First, you evaluate the tool. Because the generated code goes directly into the EPS microcontroller, the Tool Impact is TI2. Next, you assess your downstream testing. While you have Hardware-in-the-Loop testing planned, it might not catch every subtle mathematical error introduced by the code generator. Therefore, you classify the Error Detection as TD3.

Combining TI2 and TD3 results in a classification of TCL3. Because the EPS system is ASIL D, ISO 26262 highly recommends rigorous qualification methods. Relying solely on "confidence from use" is insufficient. Instead, your team must either purchase a pre-certified version of the tool (Development in accordance with a safety standard) or perform extensive Validation of the software tool using a specialized test suite to verify the code generator's translation rules.

Tool Evaluation Checklist

To streamline your process, use this basic checklist when introducing new software tools to your project:

• Identify the exact version and configuration of the tool being used.
• Document the specific use cases for the tool within your project.
• Determine the Tool Impact (TI1 or TI2) based on the use case.
• Map out all downstream verification activities to determine Error Detection (TD1-TD4).
• Calculate the TCL based on the ISO 26262 matrix.
• Select the appropriate qualification method based on the highest applicable ASIL.
• Document all findings in a Tool Qualification Report.

The Human Element: Why Qualified Tools Do Not Replace Engineering Judgment

It is easy to fall into the trap of believing that a fully qualified, TCL1-equivalent toolchain guarantees a safe product.

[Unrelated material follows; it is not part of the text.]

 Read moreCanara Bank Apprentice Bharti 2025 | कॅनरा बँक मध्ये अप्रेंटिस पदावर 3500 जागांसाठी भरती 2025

This is a dangerous misconception. Tool qualification ensures that the software tool performs its specified function correctly. It does not ensure that your initial design is safe.

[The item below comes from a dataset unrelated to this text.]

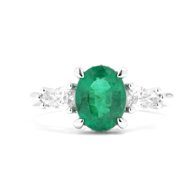 This refined platinum ring features a captivating 1.67ct oval cut emerald, exuding rich green elegance. Accented by 0.55ct of distinctive shield cut diamonds, it strikes a perfect balance of bold sophistication and radiant sparkle.

If you feed flawed requirements into a highly qualified code generator, it will perfectly generate flawed code. If you use a certified static analysis tool but ignore the warnings it produces, the qualification effort is wasted.

As the old software engineering adage goes, "A fool with a tool is still a fool." Tool qualification will not solve all your engineering problems, but it will certainly help mitigate the hidden ones.

True functional safety requires a holistic approach. Qualified tools must be paired with competent engineers, strong safety culture, and rigorous architectural design. The tool is simply a lever; the engineer must still know where to apply the force.

Next Steps in Your Functional Safety Journey

Understanding the nuances of TI, TD, TCL, and the various qualification methods is essential for any modern automotive engineering team. Getting this wrong can lead to massive project delays, costly rework, or worse, compromised vehicle safety.

If you found this breakdown helpful, it is time to turn theory into practice. Dive deeper with our comprehensive courses on the ISO 26262 Academy platform. Whether you need to master tool qualification or understand system-level safety concepts, we have the resources to elevate your expertise. Test your knowledge with our free practice exams or explore our advanced modules to ensure your next project is both compliant and genuinely safe.

Abbreviations & Key Definitions

• ASIL - Automotive Safety Integrity Level, a risk classification scheme defined by ISO 26262.
• C - A general-purpose programming language widely used in automotive embedded systems.
• EPS - Electronic Power Steering, a critical vehicle system that assists the driver in steering.
• IEC 61508 - The international standard for electrical, electronic, and programmable electronic safety-related systems.
• ISO 26262 - The international standard for functional safety of road vehicles.
• MBD - Model-Based Design, a mathematical and visual method of addressing problems associated with designing complex control systems.
• TCL - Tool Confidence Level, a metric used to determine the need for software tool qualification.
• TD - Tool Error Detection, the degree of confidence that a tool-induced error will be detected.
• TI - Tool Impact, the possibility that a tool malfunction can introduce or fail to detect an error in a safety-related item.